Neapolis University Paphos
- Type: Private
- Established: 2007
- President: George Leptos
- Rector: Prof. Pantelis Sklias
- Location: Paphos, Cyprus
- Campus: Paphos;
- Website: www.nup.ac.cy

= Neapolis University Paphos =

Private university in Paphos, Cyprus

The Neapolis University Pafos (NUP) is a private university in Paphos, Cyprus, that offers graduate and undergraduate degrees in Economic and Business Studies, Law, Health Sciences, Architecture & Land and Environmental Sciences, Theology and Greek Civilisation.

==History==

In October 2007 the university was listed in the Register of Universities of the Ministry of Education following a decision of the Cabinet. Michael Leptos, founder of Leptos Estates, serves as President. In June 2010 the university took the initial license of operation. The decision was made after a positive recommendation of E.A.I.P. On the basis of the successful response of the provisions of the law, the final authorization will be granted to the university. All programs of the university are fully recognised by the Republic of Cyprus and all EU countries.
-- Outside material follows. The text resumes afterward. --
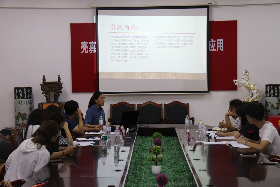 9月8日,beat365在线体育官网在食品楼310会议室举行2018暑期社会实践优秀团队评比会,共有来自学院2016、2017级的11支社会实践队伍参加了此次评比。学院党委副书记宋伟,团委书记李永青,辅导员赵莹、孙晓东、江巧宁,以及校学生会社会实践部唐晓敏、宋明强担任此次汇报会的评委。
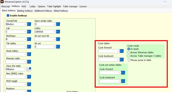 Можно листать столы в стеке, все столы Winamax, все столы Table manager 2, столы Winamax с преэкшеном, также есть опция перекидывания мыши на переключаемый стол (может быть удобно при игре без мыши)

After thorough evaluation, the National Academic Recognition and Information Centre (NASIR) of Greece recognised Neapolis University Pafos as equivalent to a Greek University in July 2012.

==Evaluation and recognition==

The Neapolis University of Pafos operates under the relevant law of private universities in Cyprus. Study programs are evaluated and approved by a special committee, the Evaluation Committee of Private Universities (E.A.I.P., www.ecpu.ac.cy). This committee has the overall supervision of the operation of the university.

In October 2007 the university was registered in the Register of Universities of the Ministry of Education following a decision of the Cabinet. In June 2010 the university took the initial license of operation and 2015 the Final Licence of operation. The decision was made after a positive recommendation of E.A.I.P. On the basis of the successful response of the provisions of the law, the final authorization granted to the university in January 2015.

All programs of the university are fully recognized by the Republic of Cyprus and all EU countries.

After thorough evaluation, the National Academic Recognition and Information Centre (NASIR) of Greece recognized Neapolis University of Pafos as equivalent to a Greek University in July 2012.

The programs in architecture and real estate are also recognized by the Professional and Technical Chamber of Cyprus (ETEK). Moreover, the postgraduate programme of the Real Estate is accredited by the Royal Institution of Chartered Surveyors (RICS).

Similar recognitions exist for other courses related to professional bodies.

==Facilities==

The University Campus has classrooms and amphitheatres, teaching, research and computer labs, architectural studios, a main library, student dormitories. Students and staff have access to facilities such as indoor and outdoor hotel-standard restaurant/cafeteria, outdoor swimming pool and snack pool bar, health centre with indoor swimming pool and gym, floodlit tennis courts, car park and 24-hour security service. The university is located in the western coastal Kato Paphos area, adjacent to the beltway and major coastal highway, which makes private and public transportation easy and fast. In addition, students and staff can benefit from the various amenities of the immediate areas surrounding the Campus.